Colin Dayan is the Robert Penn Warren Professor in the Humanities and Professor of Law. She studies American literature, Haitian historiography, and American legal scholarship-the focus of her two most recent books. In her 2007 book, The Story of Cruel and Unusual, she exposes the paradox of the eighth amendment to the constitution, showing that in the United States, cycles of jurisprudence safeguard rights and then justify their revocation. Her 2011 book, The Law Is a White Dog: How Legal Rituals Make and Unmake Persons, examines how the fictions and language of law turn persons-and other legal non-entities, such as slaves, felons, terror suspects and dogs-into "rightless objects." The Law Is a White Dog was selected by Choice as one of the top 25 "outstanding academic books" for 2011. In her other work, she introduces an English-speaking audience to Haitian poet René Depestre's early epic poem about the vodou gods and their journey to the American South. In Fables of Mind: An Inquiry into Poe's Fiction (1987), she discusses Edgar Allen Poe's fictional works as complicated critiques of the traditions of romance and the gothic.
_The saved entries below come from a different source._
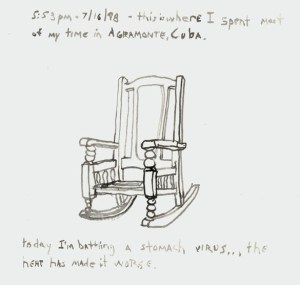 Sketchbook Q 13 – Rocking chair, Agramonte, Cuba Rocking chair from Victoria, Fredy Guerra, and Amparo Gonzalez de Guerra’s Back Patio Agramonte, Cuba 1998
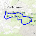 RPM Gr 1 : LA BRAGUE - LE BRUGUET ValbonneDépart Valbonne, direction sud - monter les escaliers - La Gonelle par la piste - descendre en direction du vallon du Bruguet - continuer dans le P.D. en direction du pont des Tamarins - prendre la vallée de la Brague vers Biot sur environ 2,6 km - retour à Valbonne en longeant constamment la Brague - visite de Valbonne et de l'abbaye. »
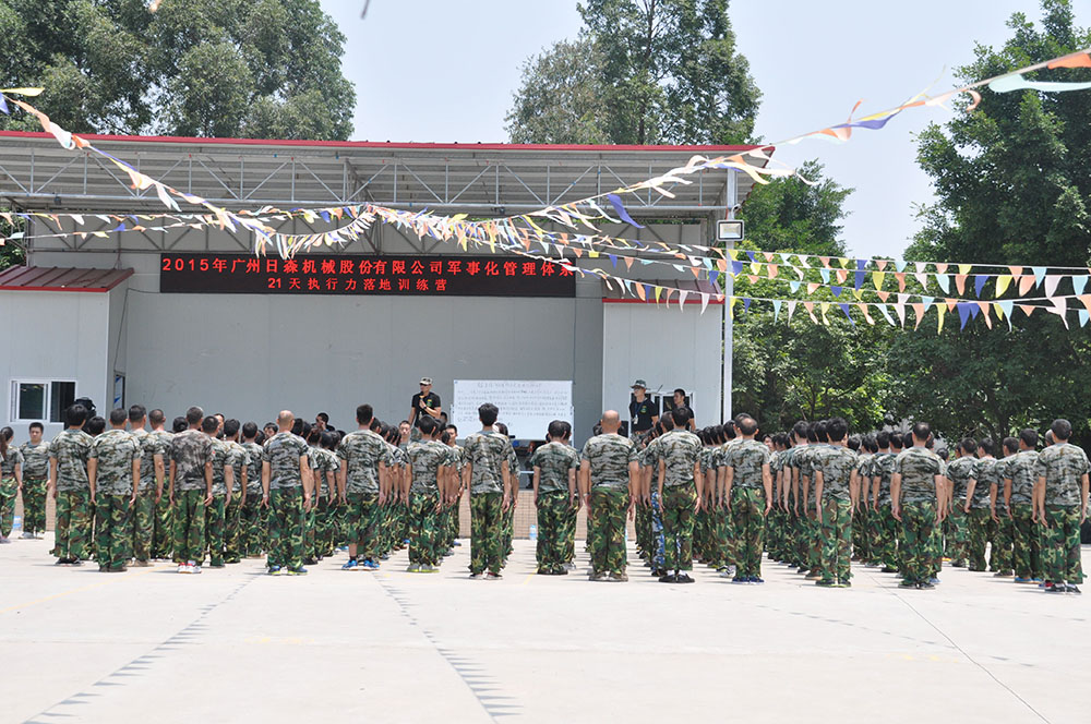 2015年8月7、8日,日森公司在番禺舉行了為期兩天一夜的軍事化管理體系暨21天執(zhí)行力落地訓(xùn)練。
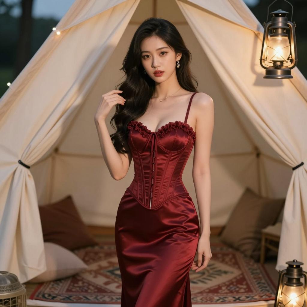 A woman with long dark hair elegantly poses inside a warmly lit tent, wearing a luxurious deep red satin corset dress. The cozy setting is enhanced by hanging lanterns and soft rugs, creating a romantic and vintage-inspired atmosphere.
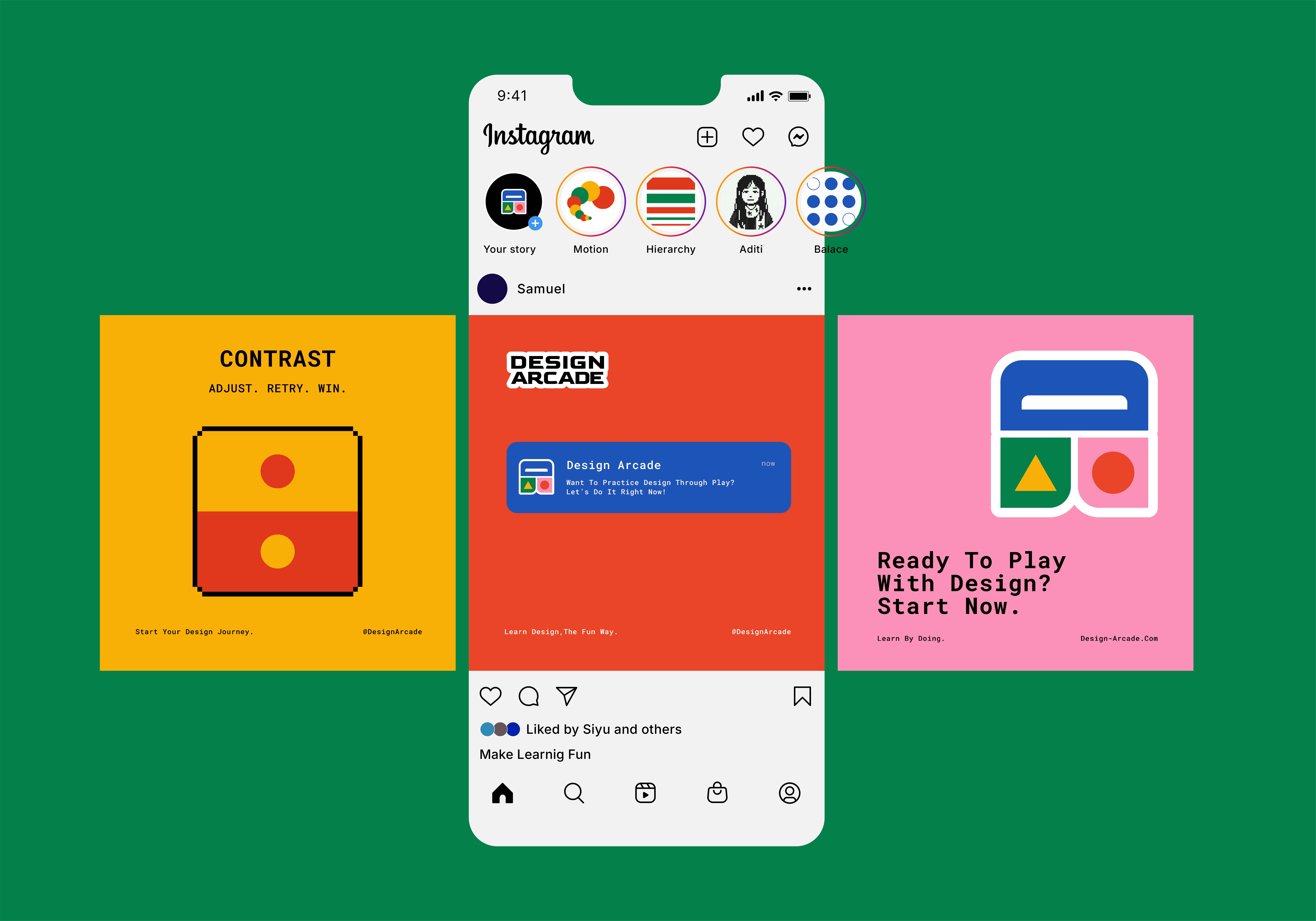 The final identity is a cohesive system built on a flexible logo, vibrant color palette, and structured typography. It communicates the essence of Design Arcade: playful yet credible, modern yet rooted in design tradition. This project reinforced the importance of balancing visual energy with design clarity — a lesson that shaped not only the identity, but also the way I think about branding as a system.
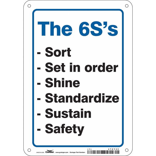 Safety Sign, 10 in Height, 7 in Width, Aluminum, Horizontal Rectangle, English, 478Y25SKU G5888887Categories SafetyDescription Safety Sign, Horizontal Rectangle, Number of Printed Sides 1, English, Sign Format Other Format, Sign Legend The 6S'S -Sort -Set In Order -Shine -Standardize -Sustain -Safety, Sign Legend Background Color White, Sign Legend Style TextgraingerSKU: 478Y25, mscSKU: , zoro_no: G5888887, mongo_id: 65bbe9d322d7a989a997d873

Professor Dayan is an elected member of the American Academy of Arts and Sciences and has received fellowships from the Danforth Foundation, the National Endowment for the Humanities, the Guggenheim Foundation, the Social Science Research Council, the Davis Center for Historical Studies and the Program in Law and Public Affairs at Princeton University.

 

ACCOMPANIED BY:

 

Michael D. Snediker is associate professor of English at the University of Houston. He is author of Contingent Figure: Chronic Pain & Queer Embodiment (U.Minnesota, 2021) Queer Optimism: Lyric Personhood and Other Felicitous Persuasions (Minnesota, 2008), a finalist for the MLA First Book Prize and Phi Beta Kappa Christian Gauss Prize. He has written two books of poems, The New York Editions and The Apartment of Tragic Appliances.